Any time I would go to CVS to buy condoms, I would also buy one or two things I didn’t actually need, just so it didn’t look like I went in there to exclusively buy condoms.

Do you ever get the talky cashier that has to comment on your purchases? “Ooh, is this noodle bowl good? I love this juice blend! (sees immodium tablets) Oh, um, did you find everything you need?” I should be able to fire this person on the spot.

I’m the guy that is silently judging you based on what is in your cart. Does anyone really need that much cream cheese?!

Like you should be.

Don't ever move to Oregon. The supermarket cashiers comment on every single fucking thing you put on the conveyor belt and ask what you're making.
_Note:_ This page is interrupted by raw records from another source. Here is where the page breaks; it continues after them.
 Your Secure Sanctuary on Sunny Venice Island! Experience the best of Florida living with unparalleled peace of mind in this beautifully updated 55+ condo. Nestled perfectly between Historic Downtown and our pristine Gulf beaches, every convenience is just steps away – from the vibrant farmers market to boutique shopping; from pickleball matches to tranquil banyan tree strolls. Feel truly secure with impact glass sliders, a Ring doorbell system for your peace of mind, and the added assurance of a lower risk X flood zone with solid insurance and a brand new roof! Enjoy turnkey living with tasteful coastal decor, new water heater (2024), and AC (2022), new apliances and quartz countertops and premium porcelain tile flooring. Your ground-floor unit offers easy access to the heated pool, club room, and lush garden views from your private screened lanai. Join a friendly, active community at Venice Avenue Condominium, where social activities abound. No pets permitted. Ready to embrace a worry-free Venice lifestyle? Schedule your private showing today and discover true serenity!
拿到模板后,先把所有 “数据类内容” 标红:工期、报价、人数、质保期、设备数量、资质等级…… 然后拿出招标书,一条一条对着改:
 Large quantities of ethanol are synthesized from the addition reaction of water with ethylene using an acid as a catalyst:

Apparently "none of your goddamned business" isn't considered a polite response.

As a former grocery bagger, I can confirm this is the correct way. The fact that Magary never once mentioned keeping the cold items together tells me he’s absolutely full of shit on this subject, and should not be trusted.

I’m looking at and judging what you have in your cart. But it’s okay because you’ll never see me again and if you do, you’ll think to yourself “I’ve seen that guy before, but can’t remember where” and all will be okay in the world.
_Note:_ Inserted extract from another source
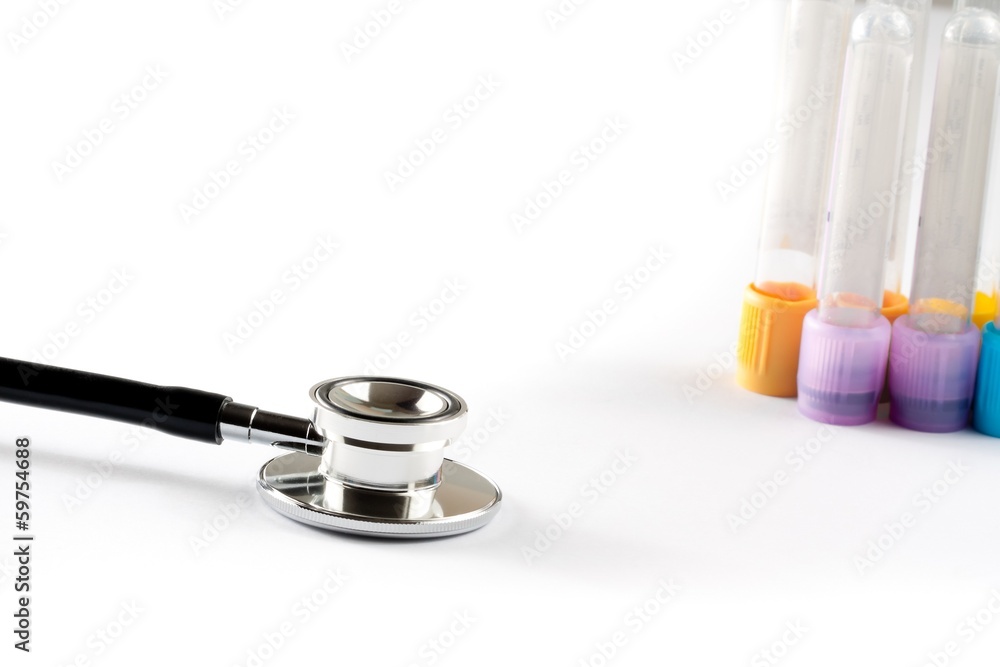 test tubes in laboratory near stethoscope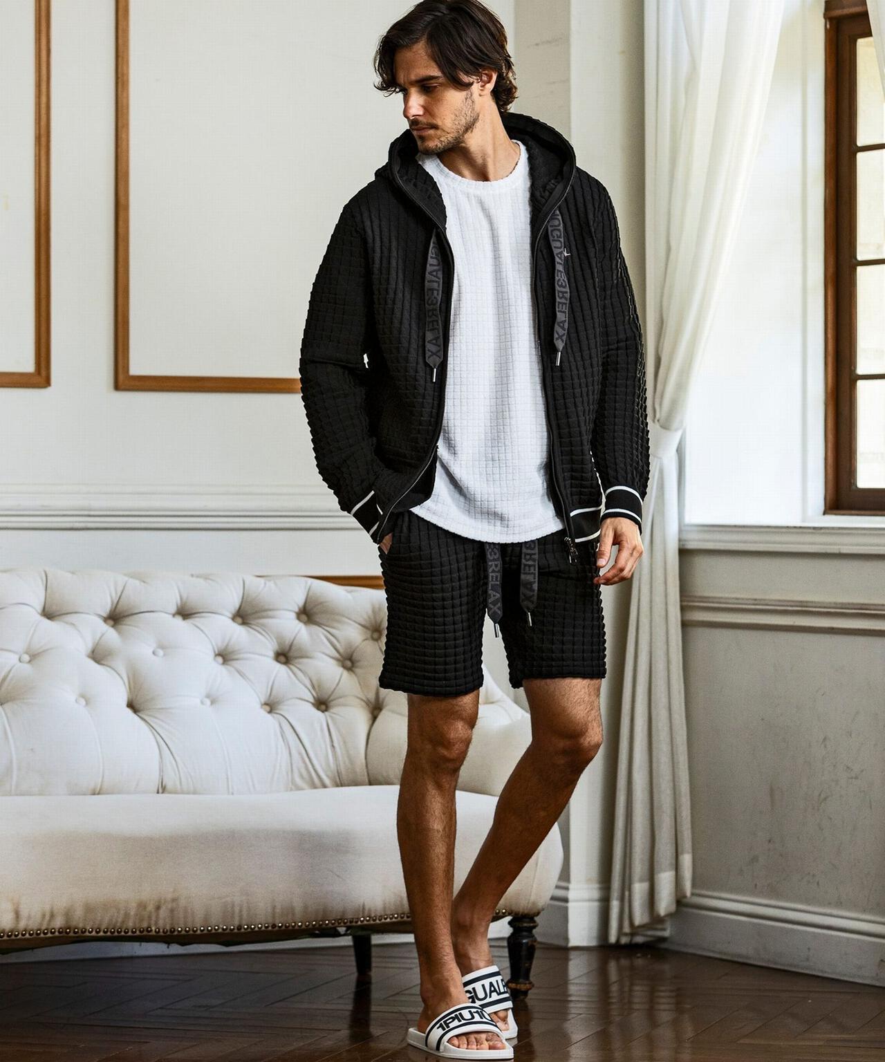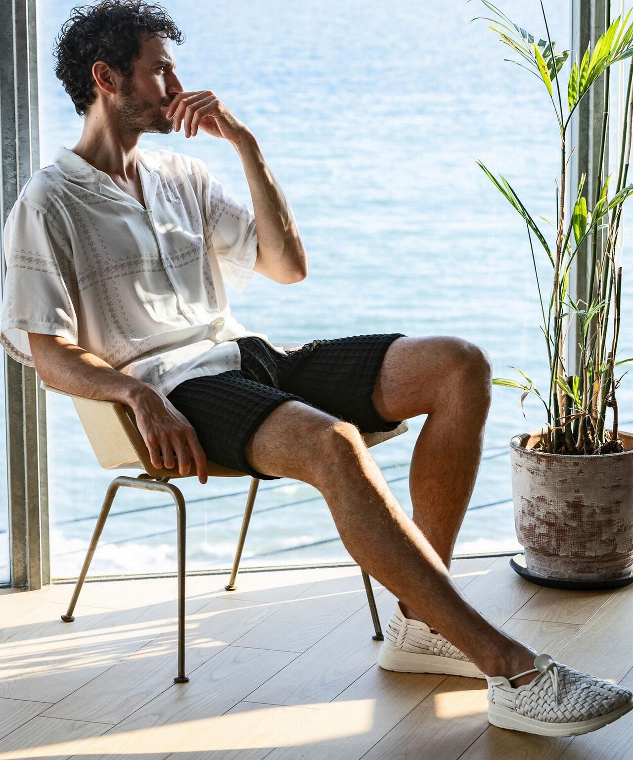 今期は新たにスクエア調に糸を膨らませて格子状に凹凸を出した柔らかな表面感により上質なタオルのような優しい肌触りを形成。

Only if you’re there when the store is super slow, like late at night. That’s when the checkout clerk and bag boys are bored, and you’re the one customer they’ve had in the last half hour.
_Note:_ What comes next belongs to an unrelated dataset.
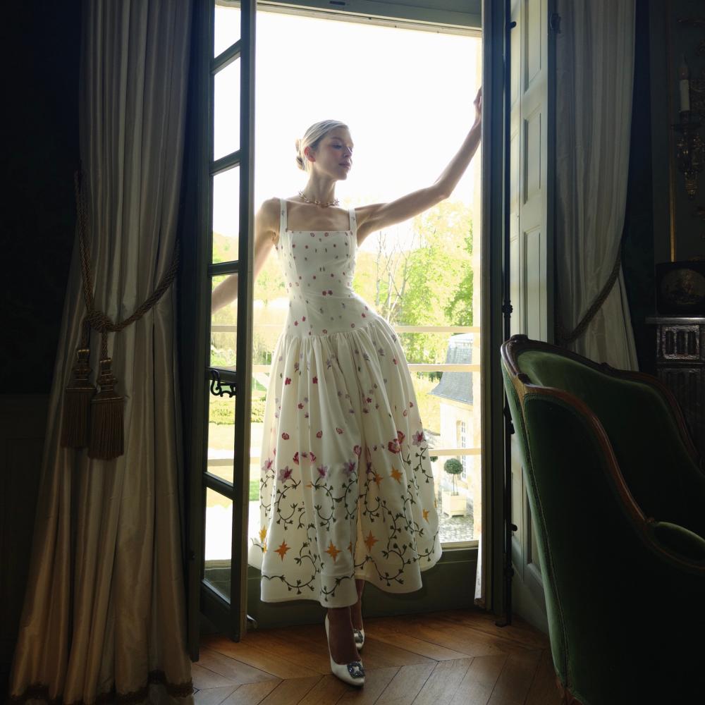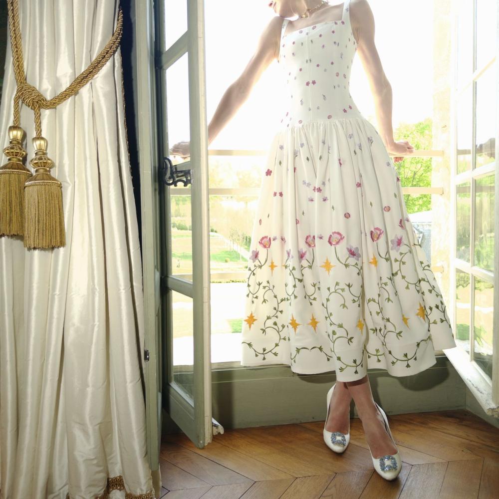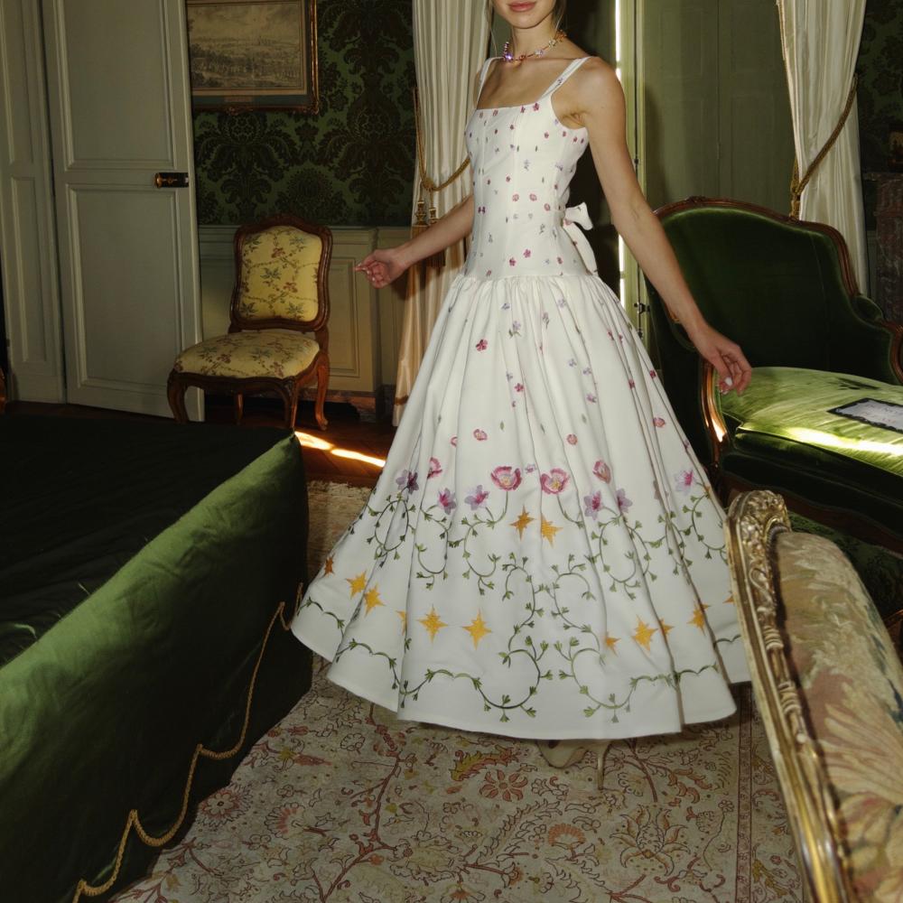 A simple belt at the waist enhances the shape, giving the piece a soft structure without losing its dreamlike charm.

Just try to remember that it’s all in your mind and nobody cares what you’re buying. Besides, if other people weren’t buying it too, it wouldn’t be in the store to begin with. They aren’t stocking the shelves with only the stuff that you buy.

We may say we’re not and that we’re too busy checking our own cart and prepping for the conveyor belt load or checking our phones but we see what you buy, we see all of it you creepy, nasty man.

I gave up being embarrassed by grocery items for lent. ‘Yea, I need the Cruex because MY FUCKIN’ BALLS ITCH! You gotta problem with that, asshole?!’ ‘Yea, I’m buying Kotex. So what?!! I gotta woman at home! Do you?!!’

I look at and judge everything in everyone’s cart around me. I judge it HARD. But I also buy a lot of Immodium so whatevs.